My brother had not done so well on his written test during his driver's ed course, as I reminded him how exceedingly well I had done on mine.
"Mom can you take me to the DMV tomorrow? I'm gonna need my birth certificate and my social security card. Can you please find them by tomorrow?"
Mom had always kept important documents locked in a file cabinet. Half the time she couldn't even remember where she stored stuff. She stayed silent and didn't seem nearly as excited as I was. Of course this was understandable: driving would mean a new kind of freedom; and parents, well, they aren't exactly ecstatic when it's the chick's turn to leave the next.
"We can't go to the DMV, you don't have a social security card," Mom answered with a grave look on her face after a few moments of silence.
"Ok, well I'm still gonna need my birth certificate and . . . brother, do you know what else I can bring instead of my social security card? I asked carelessly throwing aside what my mom had just said thoughtlessly as if flicking a pesky mosquito or an annoying strand of hair in my face.
"You don't understand, if you don't have a social security card, you can't get your learner's permit or a license," the ever-knowing brother replied.
"What do you mean?" I didn't understand.

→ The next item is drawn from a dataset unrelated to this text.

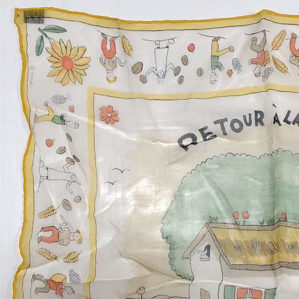 状態ですがシワがございますが目立つダメージなく綺麗なミニスカーフになるかと思います。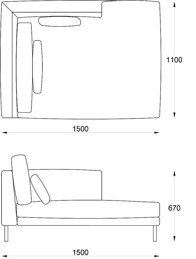 • Модуль лежанка Light левая 1100х1500хH670

I had just scored the highest grade in class on my driver's ed written test. How could my success and vast DMV handbook knowledge go to waste?
"You need to show proof of legal residency or citizenship to have a permit or a license issued. And we haven't become residents yet," Mom clarified.
"Oh." Bummer. Eh, no biggie, right?

Wrong.

No car. No certainty of college education. No guaranteed job after college (assuming I'd go to college in the first place). No ID to get a blockbuster account. No ID to watch an R-rated movie. No ID to enjoy a drink on my 21st birthday.

Like thousands of students, I am an American living in the shadows. I leave no trace in this country.

Ni de aqui ni de aya

Born in Queretaro, Mexico, I was brought to the U.S. at the age of one. Sadly I retain no early memories of the joy, pain, tragedy, or happiness of Mexican life. I grew up in the land of McDonald's the land of Chuck E. Cheese's, the land of Looney Toons. But I was always happy. Happy with my Happy Meals, happy with my pizza, happy dressing up as a witch and trick or treating on Halloween, and happy setting out milk and tamales para Santa Clos.

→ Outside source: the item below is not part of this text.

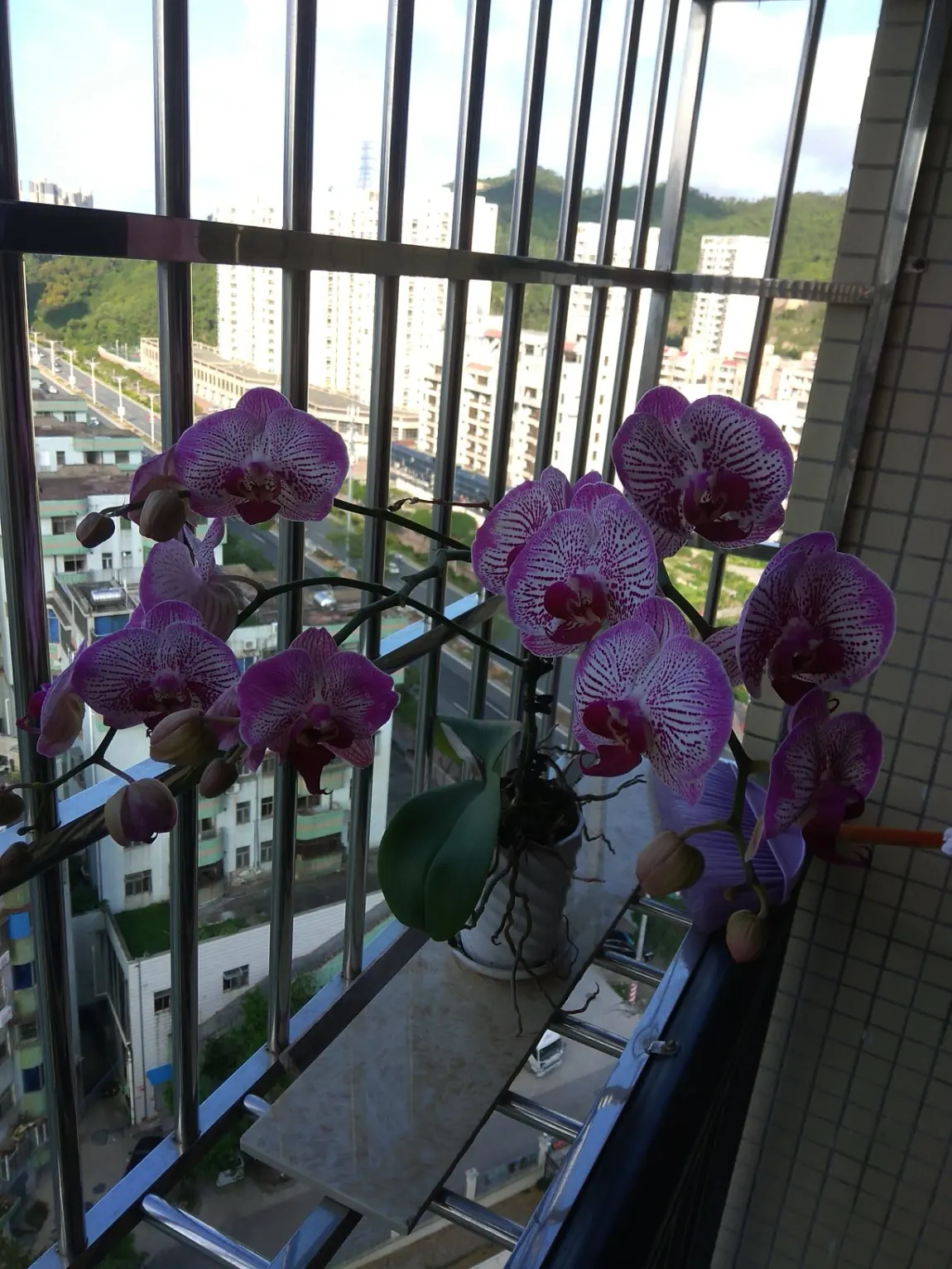 #小鹏影像记录家# 哇,这张照片里的蝴蝶兰开得太好了!紫粉色的大花瓣配上深红色的斑点,姿态优雅得像是在阳台跳舞。阳光洒在花朵上,显得特别通透,看着心情都变好了。 窗外的高楼和远处的青山绿树相映成趣,而阳台这一方小天地里,这盆盛开的兰花就是最美的风景。确实如你所说,春天的花开美如画,这大概就是生活里最简单也最治愈的瞬间吧。

But I am not American. And my merits and my contributions to this society go unacknowledged. Uncared for. Unrecognized. And I'm on the verge of not caring. But that would be selfish and unfair to the 20 years of struggle that my parents have endured in bringing us to this country. Sometimes my father's voice quivers and he looks down and says, "It's my fault for bringing you here."

"I thought I could provide for you here what I couldn't in Mexico, but all that's been provided are obstacles and frustration. I'm sorry."

No Dad. I'm Sorry

I'm sorry for almost giving up. And I promise that I'll keep looking forward and give you something to be proud of, something worth those twenty years of manual labor. The DREAM act doesn't encompass the dreams of students only; with it lay the sweat and blood, the sacrifices, and the dreams of parents. And that's the reason I still care.